▸ **TASK BRIEF**
Reproduce exactly only the lines from the line that holds "entre os dois." to the line that holds "The natural break", inclusive, in the listing below, and please leave out every picture.

▸ **SOURCE MATERIAL**
%%

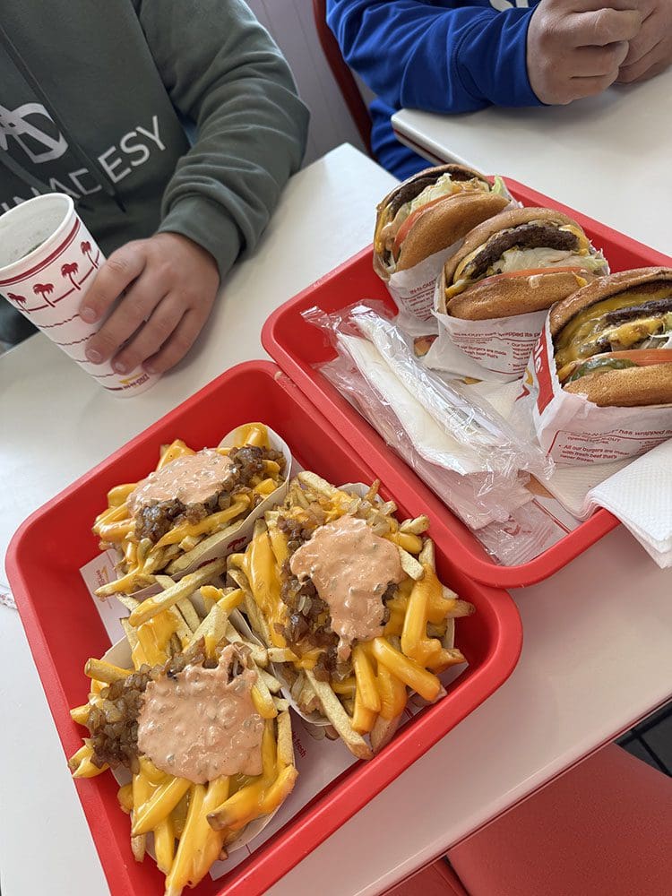 En voordat we gaan willen we graag nog één keer echt Amerikaans fastfood. In N Out!
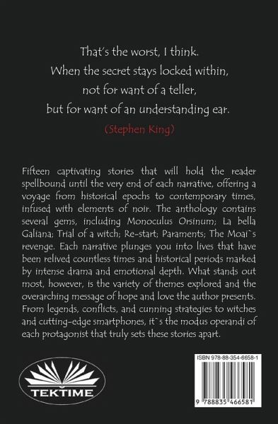 That's the worst, I think. When the secret stays locked within, not for want of a teller, but for want of an understanding ear (Stephen King) Fifteen captivating stories that will hold the reader spellbound until the very end of each narrative, offering a voyage from historical epochs to contemporary times, infused with elements of noir. The anthology contains several gems, including Monoculus Orsinum; The beautiful Galiana; Trial of a witch; Re-start; Paraments; The Moai's revenge. Each narrative plunges you into lives that have been relived countless times and historical periods marked by intense drama and emotional depth. What stands out most, however, is the variety of themes explored and the overarching message of hope and love the author presents. From legends, conflicts, and cunning strategies to witches and cutting-edge smartphones, it's the modus operandi of each protagonist that truly sets these stories apart.
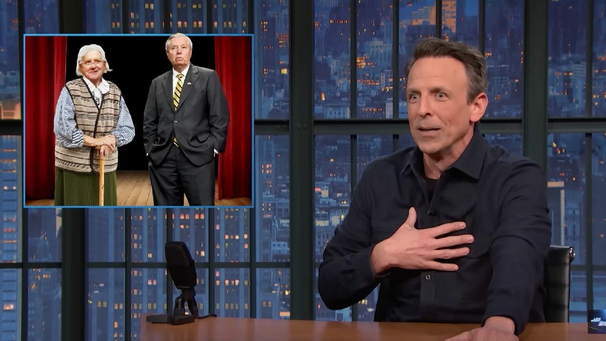 “Bem, senhor, não acreditamos em uma palavra do que você acabou de dizer, mas gostaríamos de convidá-lo para um acampamento de teatro, porque você seria perfeito para interpretar o papel de MeeMaw de Lindsey Graham”, brincou Meyers, iniciando uma cena hipotética entre os dois.
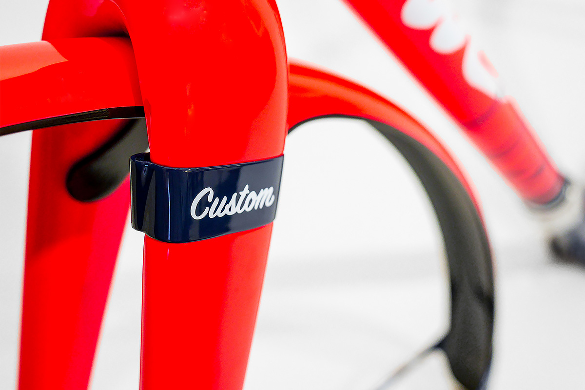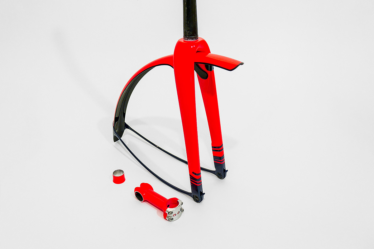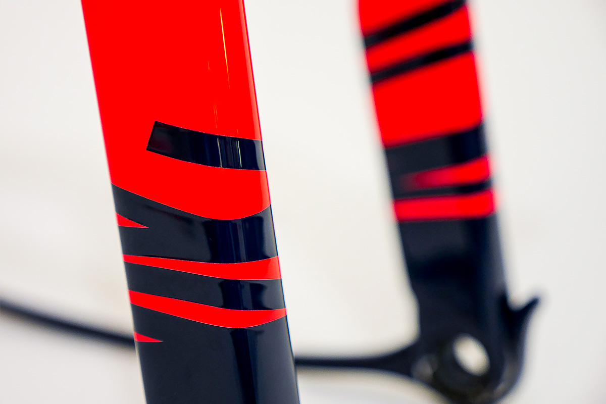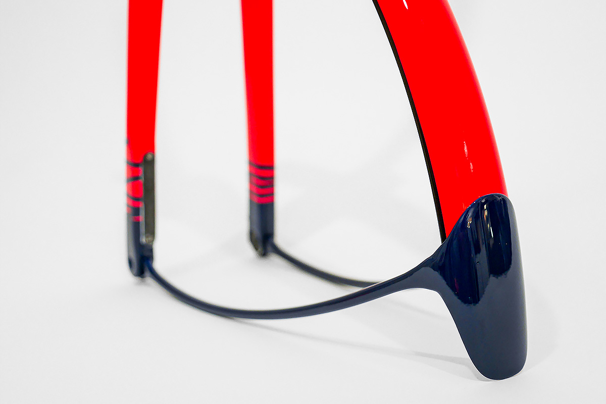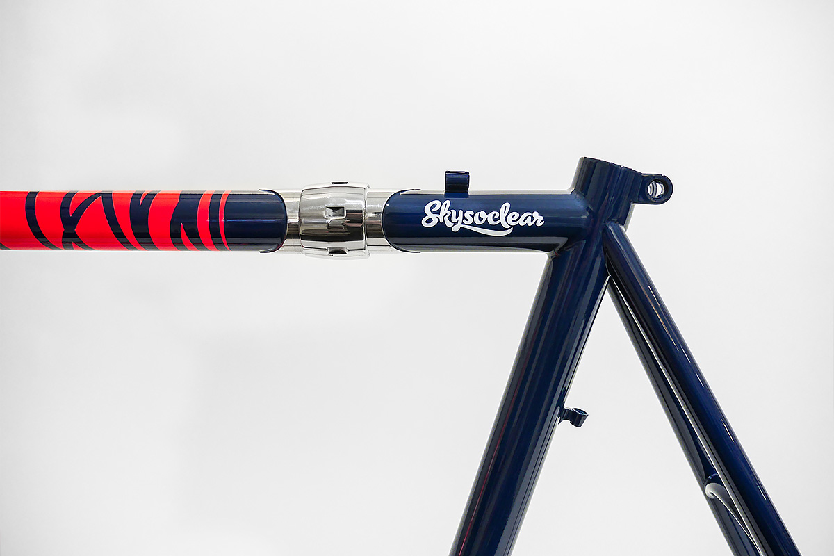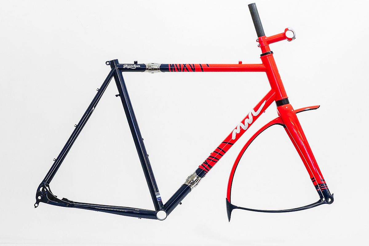 The natural break in the frame created by the couplers was the starting point for the paint. To emphasize the fact that the frame separates in two, the deep blue shade of the rear unravels wildly into the violent orange of the front.
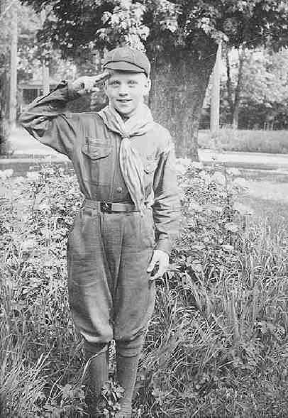 Knickers were very widely worn by American boys in the 1910s and 20s. In 1930 when Cubbing was founded, knickers were still very common, but during the 1930s declined in popularity. By the 1940s knickers were rapidly going out of style, especially after the early-40s. We still see boys wearing knickers in the early-40s and very few boys substituted other blue pants as would become common un the 1950s. The BSA responding to this shift changed the Cub uniform which had knicker pants. Following the Boy Scouts, the Cub knickers were dropped in the 1940s. Cubs were given the choice of wearing long or short pants. The rest of the uniform remained unchanges. Just the pants were changed. The kneesocks with two yellow bands that had been wore with knickers were retained to be worn with the short pants uniform. Most Cubs wore long pants. Some Cubs wore the short pants uniform, but in general the short pants prioved not very popular with the Cubs. And unlike the Scouts, Cubs did not attend summer camops where the short pants uniform was commonly required. And just because the uniform was changed, boys did not all suddently stop wearing the knickers. While they did rapidly become less common, we see a few boys wearing them into the late-1940s.

%%

▸ **WORKED SOLUTION**
 “Bem, senhor, não acreditamos em uma palavra do que você acabou de dizer, mas gostaríamos de convidá-lo para um acampamento de teatro, porque você seria perfeito para interpretar o papel de MeeMaw de Lindsey Graham”, brincou Meyers, iniciando uma cena hipotética entre os dois.
 The natural break in the frame created by the couplers was the starting point for the paint. To emphasize the fact that the frame separates in two, the deep blue shade of the rear unravels wildly into the violent orange of the front.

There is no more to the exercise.